◆ **What you need to do**
Leave the images aside and repeat the whole listing exactly.

◆ **Supplied data**
+ + +

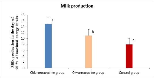 Milk production in the day of 90% of maximal energy intake (Liter) in Holstein Friesian cows with retained placenta after treatment with Chlortetracycline, oxytetracycline and non-treated control cows. Results were presented as Mean ± standard error. Values with different letters (a, b and c) differ significantly (P<0.05).
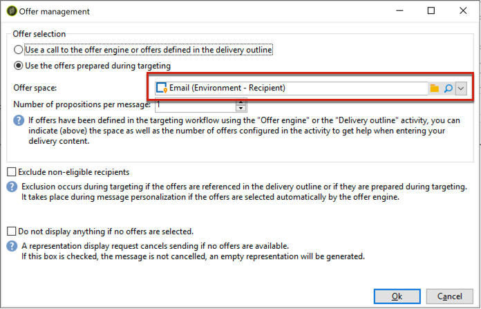 아래 예에서는 게재에서 선택한 오퍼 공간이 있습니다 Email (Environment - Recipient):
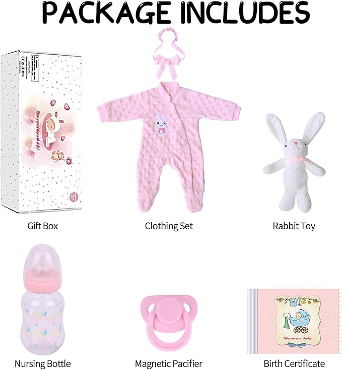 - Luxury Gift Box: Welcome your new baby Lucy! In addition, now the set includes 1 set of pink clothing, 1 rabbit doll, 1 magnetic pacifier, 1 feeding bottle, 1 birth certificate and 1 gift box, all in one package

+ + +

◆ **Task output**
 Milk production in the day of 90% of maximal energy intake (Liter) in Holstein Friesian cows with retained placenta after treatment with Chlortetracycline, oxytetracycline and non-treated control cows. Results were presented as Mean ± standard error. Values with different letters (a, b and c) differ significantly (P<0.05).
 아래 예에서는 게재에서 선택한 오퍼 공간이 있습니다 Email (Environment - Recipient):
 - Luxury Gift Box: Welcome your new baby Lucy! In addition, now the set includes 1 set of pink clothing, 1 rabbit doll, 1 magnetic pacifier, 1 feeding bottle, 1 birth certificate and 1 gift box, all in one package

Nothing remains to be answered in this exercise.